The answer is the line containing "Климатический комплекс Ballu" plus every line after it to the end of the material, retyped exactly and without the pictures.

> [MATERIAL PROVIDED]:
════

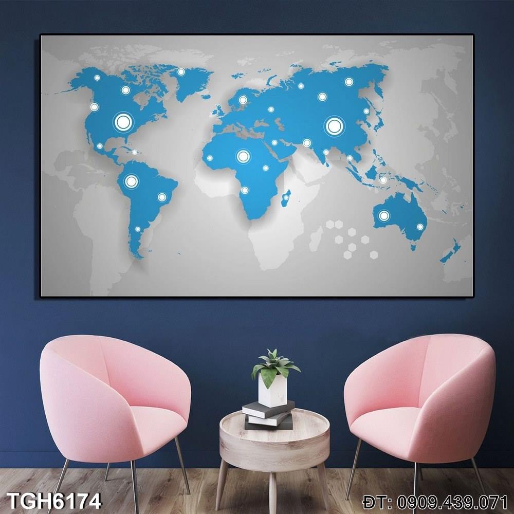 Tranh Bản Đồ Thế Giới TGH6174 là một tác phẩm nghệ thuật mang đến cái nhìn tổng quát về toàn cầu, với các quốc gia và khu vực được thể hiện rõ ràng. Bức tranh này tạo ra một không gian trang trí trang nhã và thông tin, giúp bạn dễ dàng theo dõi địa lý và các khu vực quan trọng.
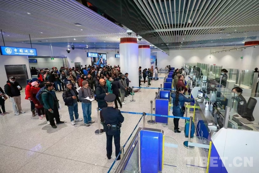 圖為拉薩至尼泊爾加德滿(mǎn)都國(guó)際航線(xiàn)正式復(fù)航通關(guān) 攝影:蔣美靈
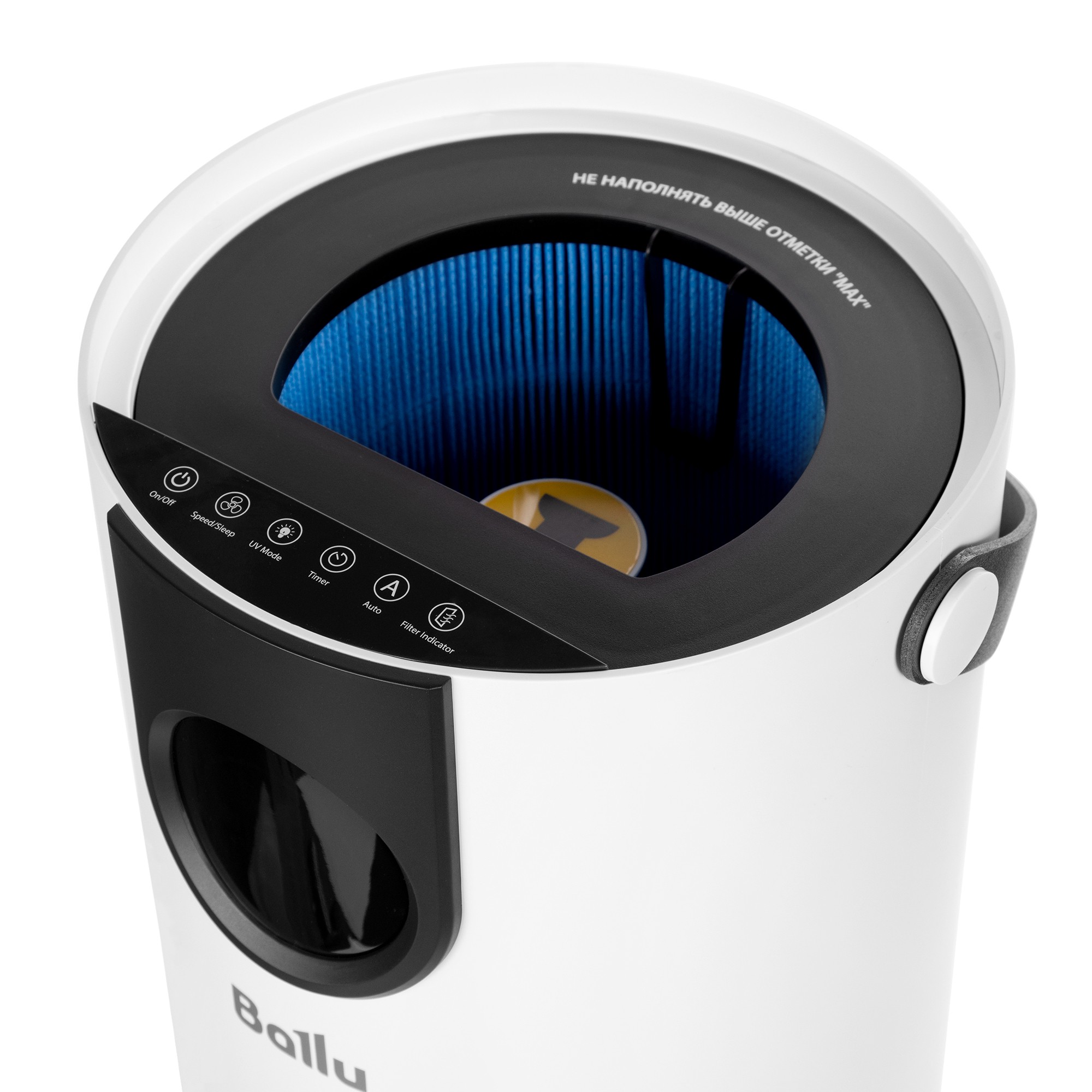 Климатический комплекс Ballu AW-500 максимальная производительность 450 м3/час эффективное устройство, совмещающее традиционное увлажнение без налета и 4-этапную очистку воздуха (Pre-фильтр, HEPA, угольный, фотокаталитический) с UV-обработкой для помещений до 60 м² с объемом бака 5л.
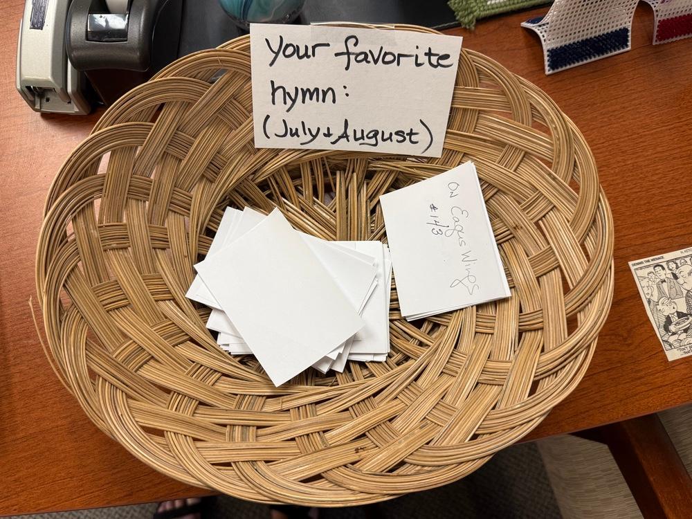 Have a favorite hymn you’d love to sing? Drop the title in the basket on Vicki’s desk—we’d love to include it!
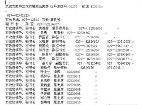 附件二:湖北省、武汉市政府、公安、检查、司法等机构信息(请同修注意相关信息的更正和更新,此处所载信息不准确处还请各位同修指出和修正)

════

> [OUTPUT FOR THIS TASK]:
 Климатический комплекс Ballu AW-500 максимальная производительность 450 м3/час эффективное устройство, совмещающее традиционное увлажнение без налета и 4-этапную очистку воздуха (Pre-фильтр, HEPA, угольный, фотокаталитический) с UV-обработкой для помещений до 60 м² с объемом бака 5л.
 Have a favorite hymn you’d love to sing? Drop the title in the basket on Vicki’s desk—we’d love to include it!
 附件二:湖北省、武汉市政府、公安、检查、司法等机构信息(请同修注意相关信息的更正和更新,此处所载信息不准确处还请各位同修指出和修正)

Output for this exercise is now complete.